Motorized desks really improved things for me.

[–] ininewcrow@lemmy.ca 6 points 10 months ago

lol .... I've got the exact same desk and I converted it to a longer desk to place two systems on it ... the corner design is a pain because they place a post at the corner so any leg room you had down there is lost because the of corner post. Then you also lose space with the keyboard tray because only a small area is clear in the center and you lose space at the angled corners where your hand keeps hitting the left keyboard side and the right hand is squeezed in by the desk and mouse. Then you also lose space in the corner desk area with a large monitor because you can't recess a 26" flat screen, you have to bring it out. I had to move and redesign the upper shelves to place two 26" monitors in the corner and one off the side.

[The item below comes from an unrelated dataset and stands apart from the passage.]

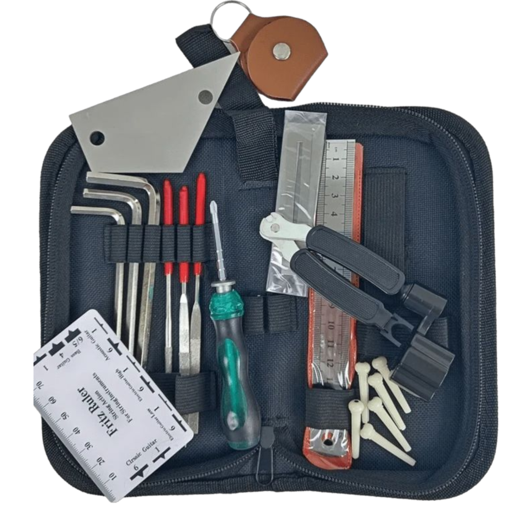 Komplet alata za podešavanje gitare je neophodan za svakog gitaristu, bilo da ste profesionalac ili početnik. Ovaj set uključuje 13 pažljivo dizajniranih alata koji omogućavaju precizno podešavanje vašeg instrumenta prema vašim željama. Komplet je savršen za sve vrste gitara i pruža vam sve što vam je potrebno za održavanje i optimizaciju zvuka vaše gitare.. Karakteristike:. 13 delova: Uključuje ključeve za podešavanje visine pragova, šrafciger za podešavanje visine mosta, ključeve za podešavanje visine vrata gitare i druge alate.. Praktična futrola: Omogućava sigurno čuvanje i lak transport svih alata.. Preciznost: Svaki alat je dizajniran da omogući precizno podešavanje gitare prema individualnim potrebama gitariste.. Kvalitetan dizajn: Alati su napravljeni od izdržljivih materijala, čineći komplet dugotrajnim i pouzdanim.. Svestranost: Idealno za profesionalne muzičare, kao i početnike koji žele samostalno da održavaju svoj instrument.. Komplet alata za gitaru omogućava gitaristima da samostalno vrše osnovne popravke i podešavanja, štedeći tako vreme i novac koji bi inače potrošili na odlazak kod majstora. Bilo da želite da poboljšate zvuk svog instrumenta ili da ga prilagodite svom stilu sviranja, ovaj set će vam olakšati posao.. Prikazana cena uključuje PDV!. Napominjemo da se angažujemo kako bismo pružili najprecizniji opis proizvoda uz detaljne slike i cene. Međutim, moramo istaći da ne možemo garantovati potpunu tačnost svih informacija bez eventualnih grešaka.

Neat idea but it doesn't really save you any space or increase comfort.

[–] DarkThoughts@fedia.io 5 points 10 months ago (1 children)

They don't work well with widescreen monitors, let alone ultrawide or multi monitor setups. They give this illusion of space but ultimately they're just too cramped.

[–] viking@infosec.pub 8 points 10 months ago

It was all about depth, a monitor back in the days was massive.

[–] s_s@lemmy.one 2 points 10 months ago

CRTs were one reason, but the other was because you had to have storage for all your manuals and CDs and Floppy disks and other stuff you were constantly putting in your computer and taking out.

[–] wise_pancake@lemmy.ca 2 points 10 months ago

Good times playing Gary’s Mod and Counter Strike sitting at that exact same desk.

[–] HubertManne@kbin.social 2 points 10 months ago (1 children)

I love them but I don't bother with custom jobs like this. I just put a desk in a corner and have another desk or table of the same height but up against it. I like putting some shelves in the corner behind the monitor for storage

[–] GnomeKat@lemmy.blahaj.zone 4 points 10 months ago (2 children)

Custom job? You could buy these corner desks in big flat packs.

[–] Aasikki@sopuli.xyz 1 points 10 months ago* (last edited 10 months ago)

I think he meant custom as in specifically made to be a computer desk. I don't think those aren't custom at all either but I get what he means.

[–] HubertManne@kbin.social 1 points 10 months ago

yeah. I don't buy things I don't need to. I get all the function I need from my current desk/table comb

[–] ares35@kbin.social 1 points 10 months ago* (last edited 10 months ago)

both of our desks in the office are 'corner' ones.. no hutch over either, though, so the back corner space is usable. one has fairly large laser printer in the corner and the deeper 'leg' of the desk does still have a crt monitor (19in trinitron) on it (the other side has three 5:4 lcd), the other desk holds a sff slim tower and a rack for file folders in its corner. they each also have one or two midtower pc on the floor under the corner and out of the way.